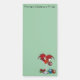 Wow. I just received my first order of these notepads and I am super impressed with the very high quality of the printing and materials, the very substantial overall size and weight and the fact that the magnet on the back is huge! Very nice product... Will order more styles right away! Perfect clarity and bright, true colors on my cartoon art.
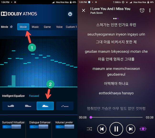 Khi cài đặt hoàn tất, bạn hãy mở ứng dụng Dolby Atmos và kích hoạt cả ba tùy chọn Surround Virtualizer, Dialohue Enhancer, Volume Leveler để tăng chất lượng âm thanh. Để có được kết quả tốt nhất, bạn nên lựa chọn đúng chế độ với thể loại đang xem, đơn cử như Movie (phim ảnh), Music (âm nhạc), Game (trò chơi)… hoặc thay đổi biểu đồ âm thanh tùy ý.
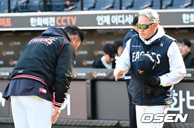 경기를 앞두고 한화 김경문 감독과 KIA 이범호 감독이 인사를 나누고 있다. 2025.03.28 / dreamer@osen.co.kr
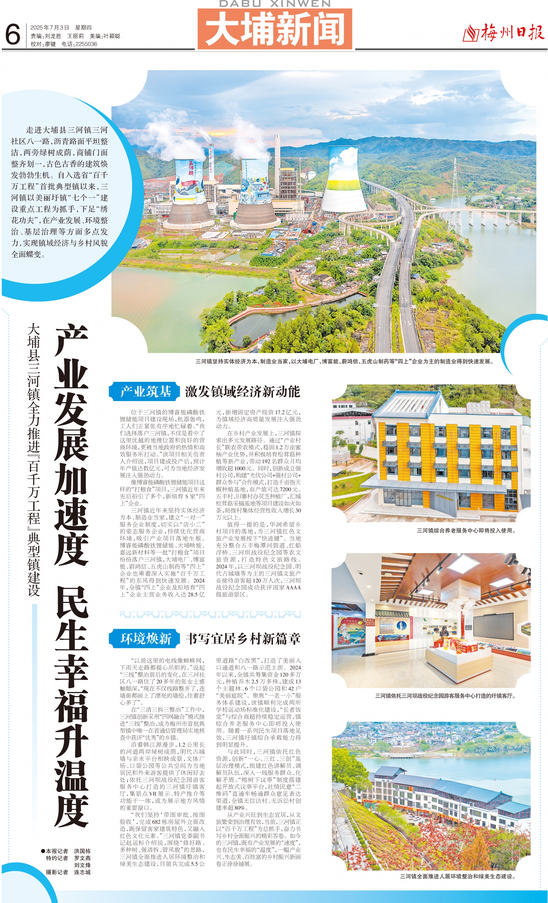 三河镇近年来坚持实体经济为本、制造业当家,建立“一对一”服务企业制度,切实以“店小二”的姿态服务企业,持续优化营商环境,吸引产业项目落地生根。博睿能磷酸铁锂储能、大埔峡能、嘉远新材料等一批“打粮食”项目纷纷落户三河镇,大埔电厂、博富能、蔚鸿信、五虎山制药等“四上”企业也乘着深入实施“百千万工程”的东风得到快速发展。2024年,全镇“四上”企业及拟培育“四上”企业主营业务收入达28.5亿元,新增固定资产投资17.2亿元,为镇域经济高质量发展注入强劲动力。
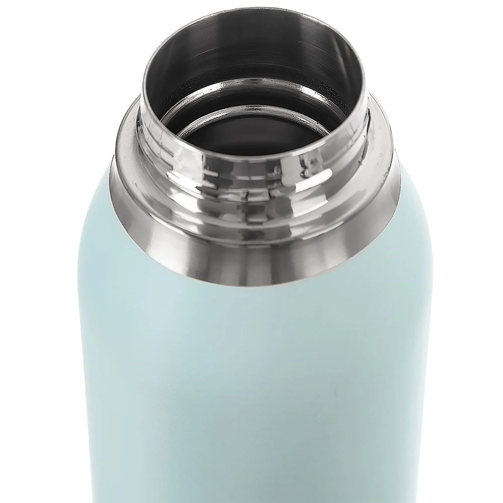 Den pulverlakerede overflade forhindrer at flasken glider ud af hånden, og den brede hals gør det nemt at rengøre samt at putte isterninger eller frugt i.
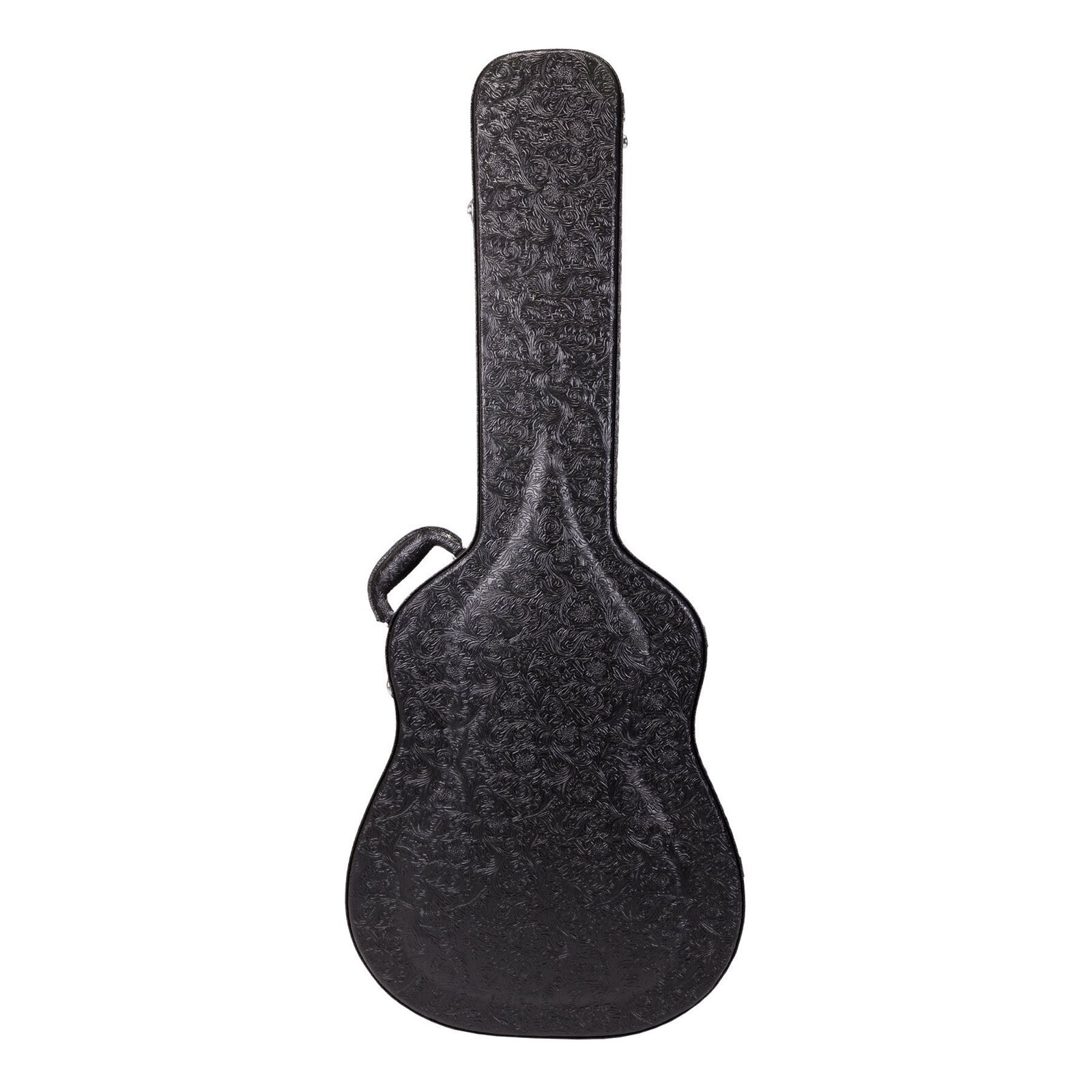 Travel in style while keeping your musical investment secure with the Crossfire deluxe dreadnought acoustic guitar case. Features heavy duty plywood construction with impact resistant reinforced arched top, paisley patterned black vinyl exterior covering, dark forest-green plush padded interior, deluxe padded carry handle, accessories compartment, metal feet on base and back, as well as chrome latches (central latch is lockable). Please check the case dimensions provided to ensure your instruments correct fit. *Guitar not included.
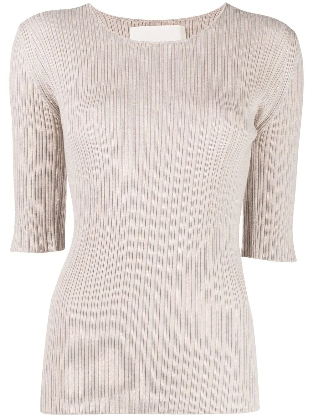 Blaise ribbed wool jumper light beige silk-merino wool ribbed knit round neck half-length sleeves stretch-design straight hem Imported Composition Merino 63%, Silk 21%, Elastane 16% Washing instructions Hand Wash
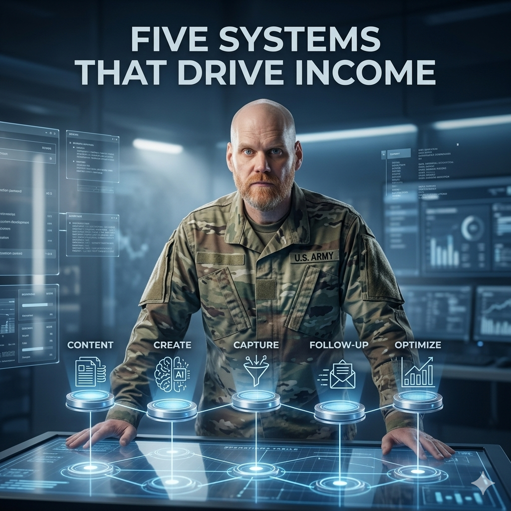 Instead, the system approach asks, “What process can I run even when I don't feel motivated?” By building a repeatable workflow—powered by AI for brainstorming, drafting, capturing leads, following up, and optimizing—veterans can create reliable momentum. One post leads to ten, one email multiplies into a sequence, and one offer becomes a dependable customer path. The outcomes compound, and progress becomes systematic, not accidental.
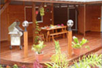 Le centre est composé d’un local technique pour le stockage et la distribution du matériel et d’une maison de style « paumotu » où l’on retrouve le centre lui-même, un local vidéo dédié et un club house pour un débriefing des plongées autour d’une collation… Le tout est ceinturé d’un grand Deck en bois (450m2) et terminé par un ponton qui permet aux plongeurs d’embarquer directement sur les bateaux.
# # # # # # #
_To do_. An exact transcription is needed of the lines from the one with "Khi cài đặt" to the one with "Den pulverlakerede overflade" above, both ends included, with pictures left out.

_Response to this exercise_.
 Khi cài đặt hoàn tất, bạn hãy mở ứng dụng Dolby Atmos và kích hoạt cả ba tùy chọn Surround Virtualizer, Dialohue Enhancer, Volume Leveler để tăng chất lượng âm thanh. Để có được kết quả tốt nhất, bạn nên lựa chọn đúng chế độ với thể loại đang xem, đơn cử như Movie (phim ảnh), Music (âm nhạc), Game (trò chơi)… hoặc thay đổi biểu đồ âm thanh tùy ý.
 경기를 앞두고 한화 김경문 감독과 KIA 이범호 감독이 인사를 나누고 있다. 2025.03.28 / dreamer@osen.co.kr
 三河镇近年来坚持实体经济为本、制造业当家,建立“一对一”服务企业制度,切实以“店小二”的姿态服务企业,持续优化营商环境,吸引产业项目落地生根。博睿能磷酸铁锂储能、大埔峡能、嘉远新材料等一批“打粮食”项目纷纷落户三河镇,大埔电厂、博富能、蔚鸿信、五虎山制药等“四上”企业也乘着深入实施“百千万工程”的东风得到快速发展。2024年,全镇“四上”企业及拟培育“四上”企业主营业务收入达28.5亿元,新增固定资产投资17.2亿元,为镇域经济高质量发展注入强劲动力。
 Den pulverlakerede overflade forhindrer at flasken glider ud af hånden, og den brede hals gør det nemt at rengøre samt at putte isterninger eller frugt i.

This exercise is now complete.